Florida Man Arrested While Dressed as Chuck E. Cheese. In a Chuck E. Cheese.

Florida has given us a lot. But this one feels like a milestone.

Florida Man Arrested While Dressed as Chuck E. Cheese. In a Chuck E. Cheese.

Jermel Jones, 41, was arrested inside a Chuck E. Cheese in Florida while wearing the Chuck E. Cheese mascot costume. He is alleged to have used someone else’s credit card to make purchases, which he did while dressed as a six-foot animatronic rat, in a restaurant full of children and their parents, who watched the whole arrest go down.

Let’s sit with the layers here. He didn’t just commit fraud. He committed fraud in costume, in a venue specifically designed for children’s birthday parties, as the mascot of that venue. The children came to see Chuck E. Cheese. Instead they witnessed an arrest.

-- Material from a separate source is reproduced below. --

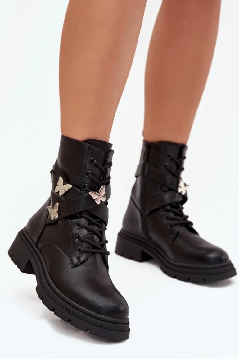 Botki workery damskie wykonane z eko skóry to modny i praktyczny wybór na chłodniejsze dni. Model sznurowany i zapinany na zamek gwarantuje wygodę zakładania oraz dobre dopasowanie do stopy. Wnętrze ocieplone kocem obuwniczym zapewnia komfort i ciepło podczas noszenia. Stylowym akcentem jest pasek ze srebrnymi przypinkami, który nadaje całości nowoczesnego, wyrazistego charakteru. To idealne obuwie na co dzień, świetnie komponujące się z casualowymi stylizacjami. Przy wyborze rozmiaru prosimy sugerować się tabelą rozmiarów.

This is what Florida offers its youth.

We have a lot of questions. How did he get the costume? Did he work there? Was this planned, or did he show up in the costume and then decide to also commit credit card fraud? At what point did he think this was going well?

Florida Man does not answer these questions. Florida Man simply continues to exist, wearing the costume, until the cops show up.

Hat tip to this roundup of 2025’s finest Florida Man moments for surfacing this gem.

New York City Just Elected Its First Muslim Mayor and Some People Cannot Handle It

In November 2025, New York City — the largest city in the United States, home to 8 million people and approximately 400 different opinions per square block — elected 34-year-old Zohran Mamdani as its mayor. He is the city’s first Muslim mayor. Also its first South Asian mayor. Also a democratic socialist who beat both Andrew Cuomo and a guy named Curtis Sliwa in a high-turnout race.

NYC first Muslim mayor

The reaction from certain corners of the internet was, predictably, completely reasonable and measured. Just kidding. It was not.

Here’s the rational thought for the day: New York City has had 110 mayors. The first 109 were Christian men, almost entirely white. The city elected a Muslim mayor, and the government did not collapse. The Statue of Liberty is still there. The pizza is still good. The subway is still a disaster, but that predates Mamdani by several decades and will outlast all of us.

Democracy did a thing. A major American city chose someone different. Turns out the thing people said couldn’t happen — that a Muslim could run one of the world’s great cities — was just a thing people said. File under: Rational Thought.

Full coverage from Religion News Service.